WHAT TO WORK ON: With the pictures left out, write out exactly the lines of the listing below that run from the line with "市领导向市优秀共产党员、优秀" through the line with "Ruffle top and".

GIVEN ENTRIES:

==*==

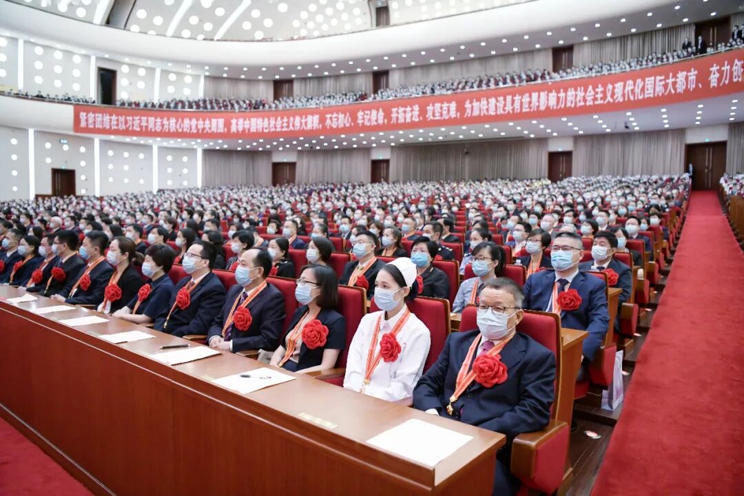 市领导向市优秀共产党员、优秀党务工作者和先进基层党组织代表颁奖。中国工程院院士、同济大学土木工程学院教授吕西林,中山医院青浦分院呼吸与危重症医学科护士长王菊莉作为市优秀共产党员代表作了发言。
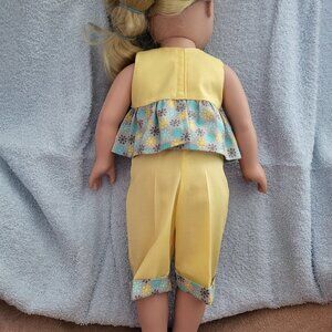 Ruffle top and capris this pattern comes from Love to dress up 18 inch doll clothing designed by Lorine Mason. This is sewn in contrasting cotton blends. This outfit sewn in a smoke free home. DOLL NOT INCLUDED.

==*==

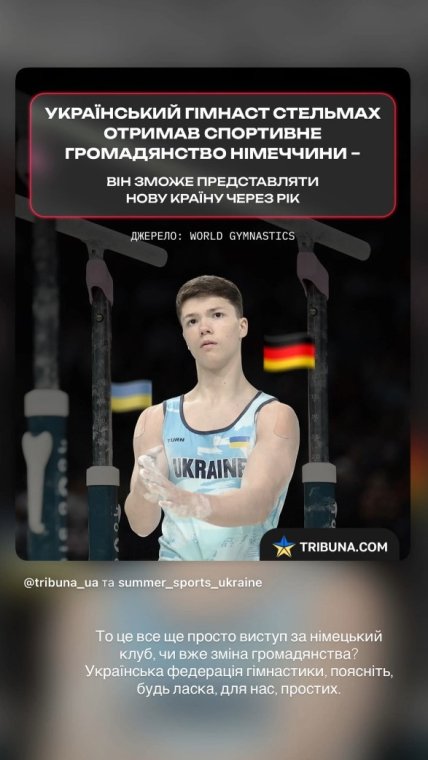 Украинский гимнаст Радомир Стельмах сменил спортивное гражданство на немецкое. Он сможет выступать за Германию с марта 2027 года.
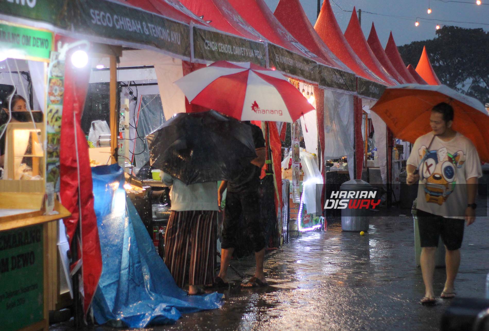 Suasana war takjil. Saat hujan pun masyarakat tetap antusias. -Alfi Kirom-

==*==

ANSWER:
 市领导向市优秀共产党员、优秀党务工作者和先进基层党组织代表颁奖。中国工程院院士、同济大学土木工程学院教授吕西林,中山医院青浦分院呼吸与危重症医学科护士长王菊莉作为市优秀共产党员代表作了发言。
 Ruffle top and capris this pattern comes from Love to dress up 18 inch doll clothing designed by Lorine Mason. This is sewn in contrasting cotton blends. This outfit sewn in a smoke free home. DOLL NOT INCLUDED.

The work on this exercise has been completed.